= What the task asks =
Below is a listing with pictures. Repeat exactly the lines starting at the one holding "玩家一开篇需要破解的谜题是根" and going on through the one holding "이미지 확대보기뉴시스는 28일", and leave every picture out.

= Records for this task =
=== Section Start ===

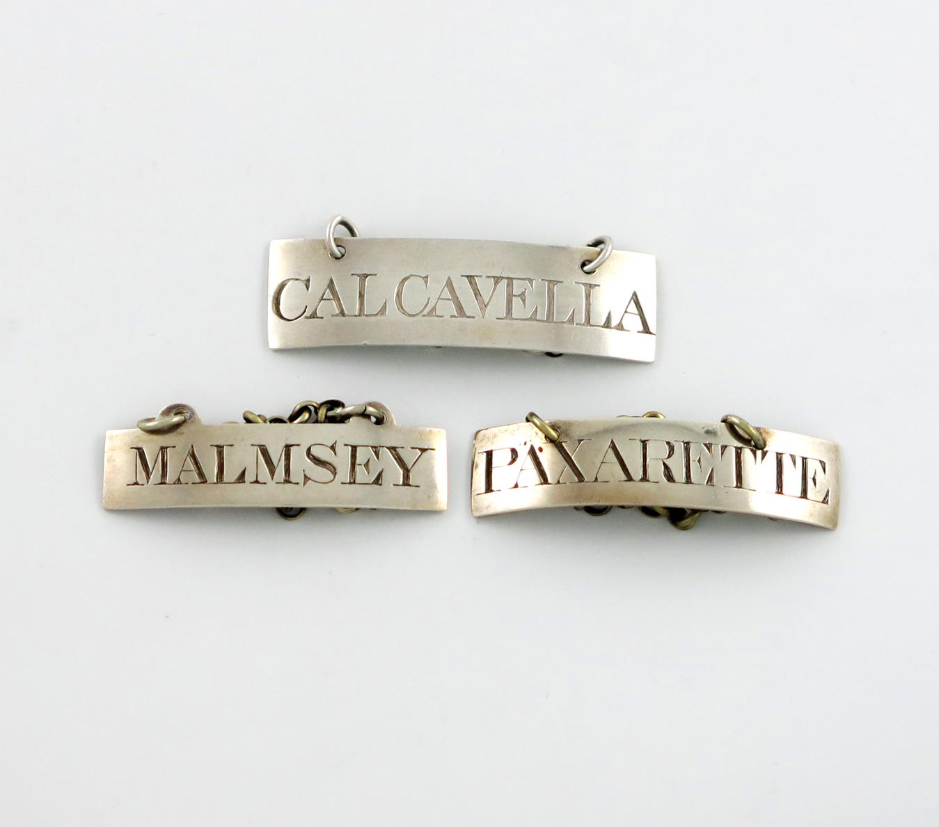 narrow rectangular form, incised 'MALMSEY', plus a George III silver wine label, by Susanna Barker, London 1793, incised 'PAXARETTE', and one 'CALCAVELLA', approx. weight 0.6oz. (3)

=== Section End ===
=== Section Start ===

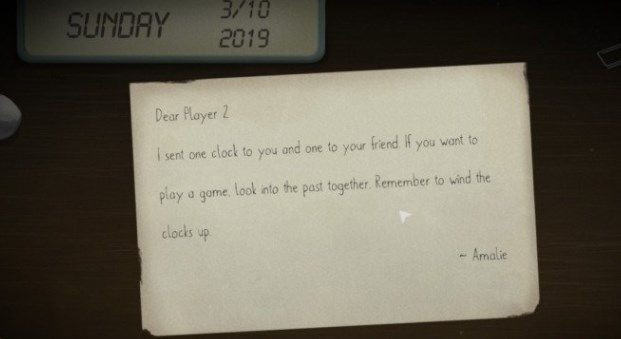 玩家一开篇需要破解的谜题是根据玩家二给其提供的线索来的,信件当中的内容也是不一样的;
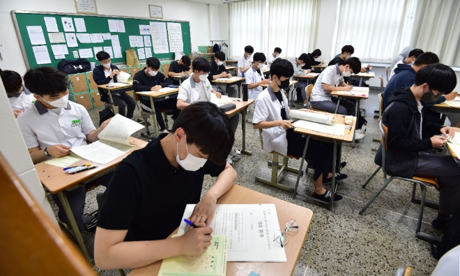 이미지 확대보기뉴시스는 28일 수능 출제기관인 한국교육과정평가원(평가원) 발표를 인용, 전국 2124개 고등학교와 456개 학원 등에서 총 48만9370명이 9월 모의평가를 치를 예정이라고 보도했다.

=== Section End ===
=== Section Start ===

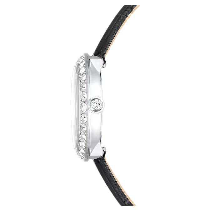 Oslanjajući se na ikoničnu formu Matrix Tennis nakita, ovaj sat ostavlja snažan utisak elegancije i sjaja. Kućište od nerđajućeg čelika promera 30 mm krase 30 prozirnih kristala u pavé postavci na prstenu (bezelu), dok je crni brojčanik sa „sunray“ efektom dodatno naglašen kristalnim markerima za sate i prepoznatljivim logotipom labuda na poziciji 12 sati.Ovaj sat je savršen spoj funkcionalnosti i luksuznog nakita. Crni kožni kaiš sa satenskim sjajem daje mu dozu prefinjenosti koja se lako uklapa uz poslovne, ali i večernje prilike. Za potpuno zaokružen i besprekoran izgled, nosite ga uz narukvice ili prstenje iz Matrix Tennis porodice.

=== Section End ===

= Response to this task =
 玩家一开篇需要破解的谜题是根据玩家二给其提供的线索来的,信件当中的内容也是不一样的;
 이미지 확대보기뉴시스는 28일 수능 출제기관인 한국교육과정평가원(평가원) 발표를 인용, 전국 2124개 고등학교와 456개 학원 등에서 총 48만9370명이 9월 모의평가를 치를 예정이라고 보도했다.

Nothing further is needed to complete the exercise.